Guitarist John Fahey, from a handwritten lesson on C tuning:
I like to teach guitar to people. People, or students who learn. Nobody likes to teach somebody who does not learn because that is not teaching & not learning.
In order to learn something, some use ofMEMORY
is required. Teaching & learning is not showing somebody the same thing over & over, ad infinitum.
comments: 1
No it is not. I felt this acutely the fifth (and last) time I taught second semester Latin. Unlike the third time, the very best class I ever taught and the most fun I ever had teaching, the fifth group was terrible.

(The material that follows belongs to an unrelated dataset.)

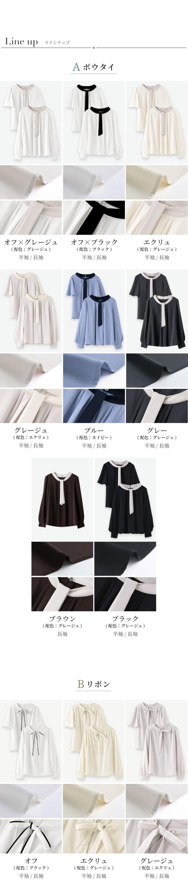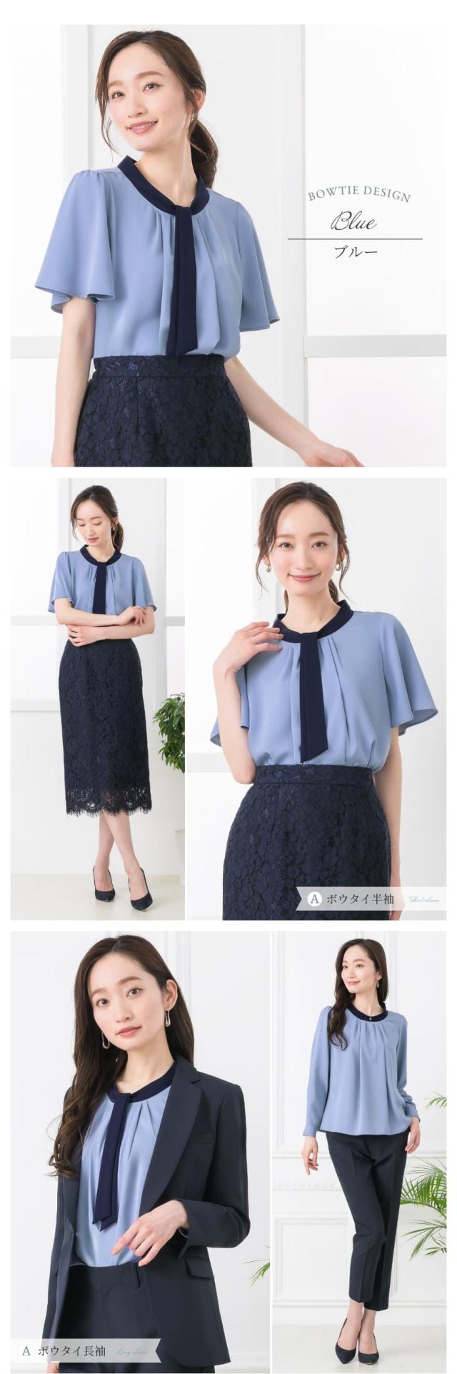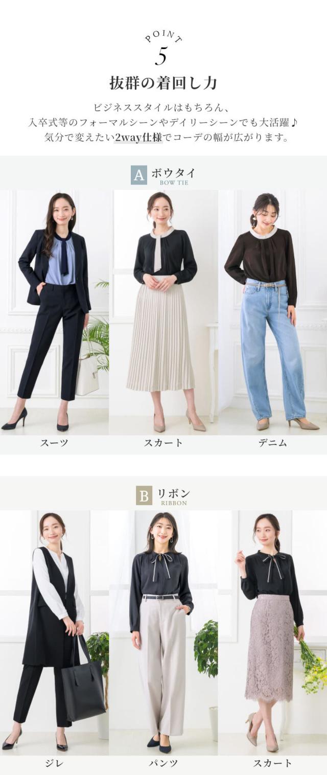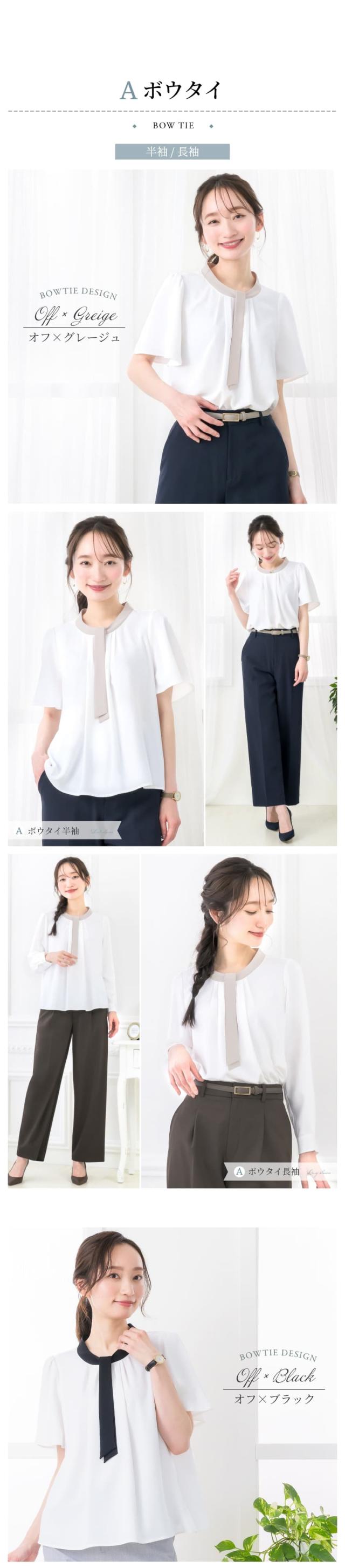 ブラウス レディース おしゃれ オフィス カジュアル 一枚着 配色 2WAY 選べる ボウタイ リボン スーツ インナー トップス ビジネス 半袖 長袖 透けにくい 大きいサイズ 小さいサイズ 通勤服 春 夏 秋 冬 卒業式 入学式 メール便送料無料 1/1

Two or three of the group kept making exactly the same mistakes over and over, one student invariably and insistently translating active sentences beginning with the direct object as passive, so that the first word could be the subject. Of course, the underlying semantic content is more or less the same (though not quite, if you think about the pragmatics and focus of active versus passive). At that stage, however, we want more literal, less idiomatic translation, so that we can be sure the students actually understand what the text "says," i.e. the word-for-word equivalent in English (as opposed to what it "means," i.e. the idiomatic English equivalent, a.k.a "what an English speaker would say"). So when for the ninety-ninth time I pointed out his rendering was not what the sentence said, reminding him and the class that they had not yet had the passive voice, and then writing on the board what the sentence would have been if it had been passive, he glared at me as if I had been speaking to him in Martian or dog. My former chair visited the class towards the end of the semester and afterward remarked on my patience with such obvious dullards. You can be sure that I was ripped to shreds in the evaluations, a major reason why I was not promoted when I got tenure.